Se basaron en la favorable evolución del menor  en cuanto a “lo convivencial (no presentó dificultades en las dinámicas grupales, participando de ellas con buena predisposición, no se vió involucrado en ninguna situación de conflicto o confrontación con sus pares), educativo (asistió en forma regular a clases y cursó el primer año del ciclo secundario a través del Programa de Educación en Contextos de Encierro) y formativo (se destacó en su desempeño en el taller de actividades prácticas y en los cursos de formación profesional), sino también en el compromiso por aquél demostrado frente al proceso tutelar y en la sólida estructura familiar que lo rodea”.

Luego, con informes favorables, se arbitró la inclusión de AS en la Residencia Socioeducativa de Libertad Restringida “Almafuerte” a fin de profundizar y consolidar los objetivos trazados en su proceso intramuros.

En dicha institución, fue derivado a la Residencia Socioeducativa de Libertad Restringida “Simón Rodríguez” . En este lapso, “mantuvo un comportamiento ajustado, participando activamente de los espacios ofertados”.

El informe integral elaborado por los profesionales de dicho dispositivo da cuenta que el joven ha obtenido logros positivos durante el proceso de intervención sociojurídica, así concluyó que: “ Teniendo en cuenta el proceso que viene sosteniendo A. y el acompañamiento de sus familiares en este trayecto , este Equipo Técnico considera que el joven se encuentra en un momento propicio para el egreso de este dispositivo, dado el grado de compromiso anudado a su proyecto de vida futuro, favoreciendo su inserción en el ámbito familiar y sociocomunitario, educativo y laboral.”.

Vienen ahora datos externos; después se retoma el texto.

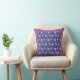 Een Pillow of Cushion met een patroon van roze anemonen op een donkerblauwe achtergrond, en een diep roze rand; van een digitaal ontwerp door Judy Adamson.
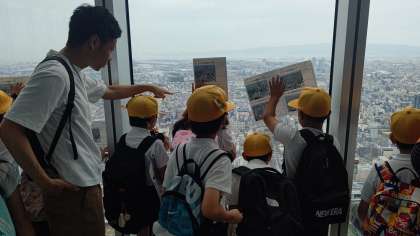 3年生の社会科では、自分たちが住んでいる大阪市について学びます。今日はあべのハルカスに行き、60階の展望スペースから大阪市を見渡しました。地図上で見つけた建物や施設を、東西南北それぞれの方角から確認することができました。

En base a ello, la jueza consideró que  “se trata de un joven que cuenta con muy buenos recursos internos e intelectuales”…, que puede esbozar un proyecto de vida futuro que contempla las posibilidades reales de concreción, atento a sus potencialidades y proyectos a futuro –continuidad escolar y un emprendimiento familiar en el rubro de peluquería lo que cabe añadir que carece de condenas y cuenta con un grupo familiar, los cuales son vivenciados como continentes y afectivos, características que le posibilitan sentirse apoyado y acompañado en sus proyectos”.

En agosto de este año, el acusado ha alcanzado su mayoría legal de edad, por lo que la jueza dispuso el cese de la disposición tutelar que el Tribunal venía ejerciendo a su respecto, y ordenó la inmediata libertad y absolución.